Austere this: Greece needs to default. And Iceland (they vote March 6 to default or not). And all of them.
Stop supporting banksters. Your enable them when you give them your money.
Vote to end it. End it. You know its going to end anyway.
+1
In the US, where any news is good news, equities jump following the headline.
I hope equities make another run at it, as it will allow even better entries on shorts.
Wow! What a coincidence?
Uh equities just nose dived.
SO Goldman puts the hit out on Greece. Fitch is the hit man.
Long GS
Shake, rattle and roll.
Long live viotility. Without it their would be no......
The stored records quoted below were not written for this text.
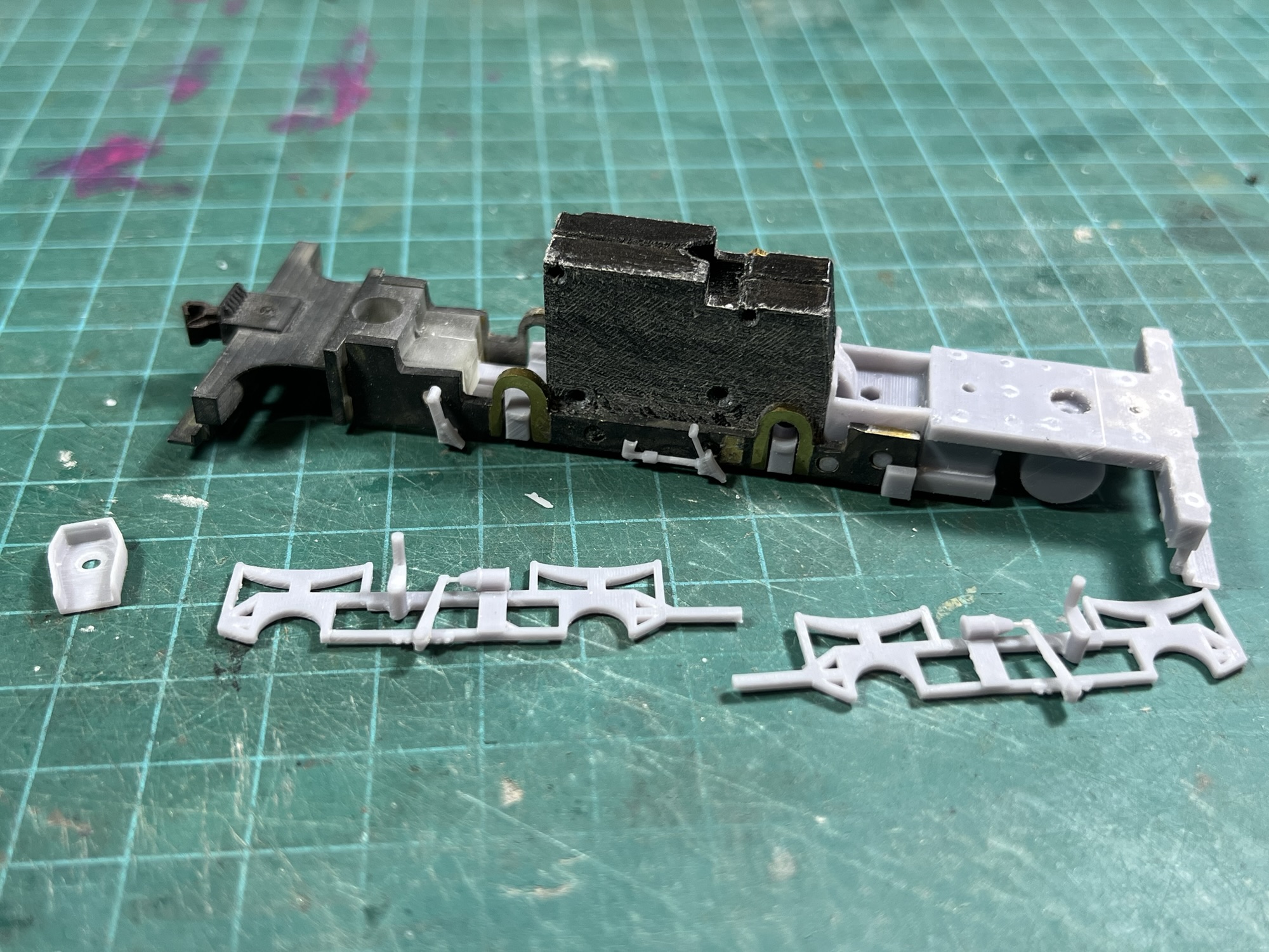 The parts rolled off the 3D printers over the course of the day today. The gearbox halves took all of 22 minutes on the FDM printer, while the resin printer poked along at all the bits that need to look good for over six hours. I’m happy and a little surprised to report that all the printing worked perfectly on the first try. There was a casualty in one brake when testing the fit on the frame, but the old version of the keeper plate was also missing a brake and nobody ever noticed. The cosmetic frames want a little filing and fitting before I can glue them to the brass frames, but otherwise I’m delighted with the outcome.
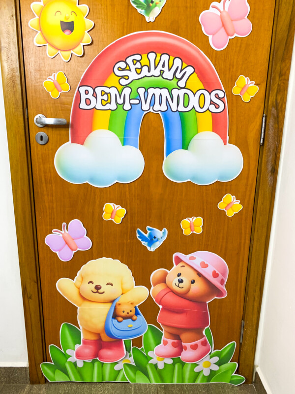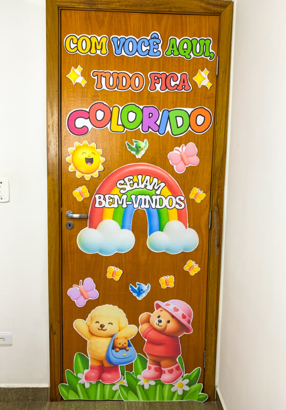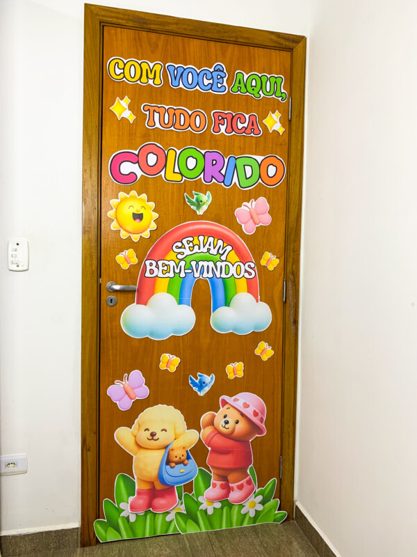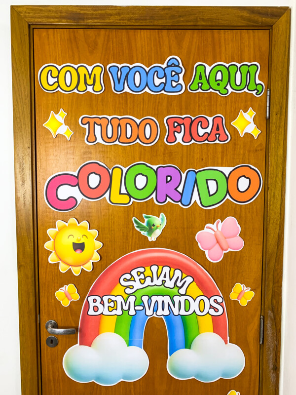 Este painel de porta com o tema Bobbie Goods foi pensado exatamente para isso: criar um cantinho especial logo na entrada da sala, com a frase que diz tudo: “Com você aqui, tudo fica colorido!”
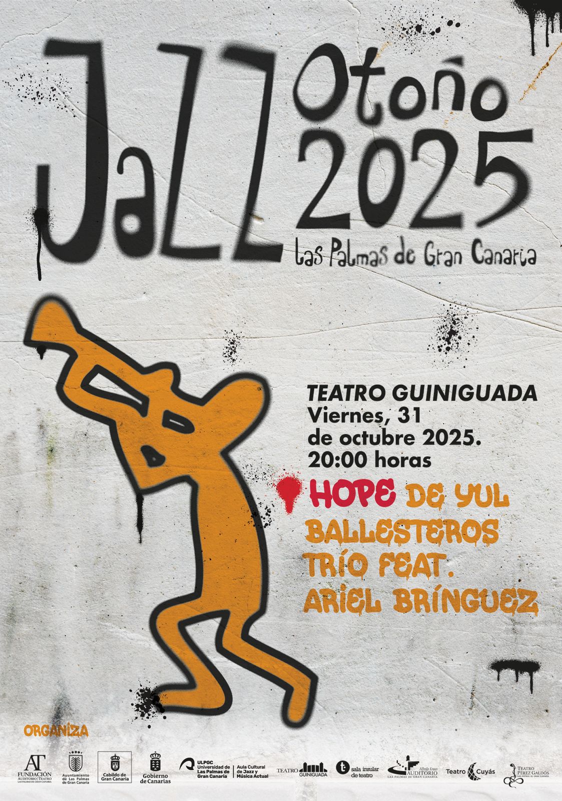 JAZZ OTOÑO 2025. «Hope de Yul Ballesteros». Taetro Guniguada 31.10.2025 octubre 11, 2025 por Agusanta Agustín Santana Correa, 11.10.2025Nuevo acontecimiento musical.HOPE DE YUL BALLESTEROSYa está en todas las plataformas el primer single del nuevo disco. El tema se llama Hope y es el que da nombre al CD.Qué maravilla contar con Ariel Brínguez, Akior García y Tana Santana. Espero que lo disfruten.

Good morning, you stupid bulls. I've got news for you. The reflation trade is dead. The economy is not roaring. The government's lying to you. We're in a depression. The stock market's going to crash!
What is with this guy Tyler Durden and his daily attack on Greece? Is he getting paid by Paulson and other to talk down the Greek bond spreads or what?
I post a recent comment from hedge fund Brevan Howard in a letter to investors (who shorted Greek bonds last year). "We believe that the short trade in Greek and other Euro sovereign credits is extended, crowded, fully prices
the fundamentals and is exposed to a regulatory squeeze, as
occurred on short positions in financial stocks in 2008"
Good plan, shoot the messenger. Possibly you should aim a bit higher up. Fitch. If you don't like the news, don't read it.
And then there are those of us who are thankful for zerohedge as it gives us needed info we cant get anywhere else.
THANK YOU ZERO HEDGE
I have turned so many people on to Zerohedge who have turned more people on to Zerohedge.
I say let the truth be known, in a world full of manipulated numbers and facts, I can always return here and find some truth.
Again, Thank You.
I find it odd that John Paulson is tag teaming Greece with Goldman Sachs? I thought sub prime was an isolated incident with John Paulson being the only lone ranger/hedge fund to be in the winners circle with Goldman.
With this new development in Greece, it seems as they might have been colluding togther in the US on the sub prime trade. Why ? So Goldman wouldn't have to disclose a 7 - 10 billion profit on subprime. Diversify the loot so it isn't as obvious.
That's why Goldman sold large chunks of AIG to those french and german banks. SO it wasn't obvious that Goldman was the largest counter party / there fore largest benifit to gain.
I imagine alot of the rise in their stock price has simply been schemes of Goldman plowing back in it's own illiciet profits into their stock price.
Good Day
I was told many years ago there is a war coming between the USD and EURO this war was going to be over world currency dominance. As you can see this game appears to be on, but who will win.......?????
Et tu, Soros?
As the world turns, the Fed has failed auctions. Kool-aid anybody?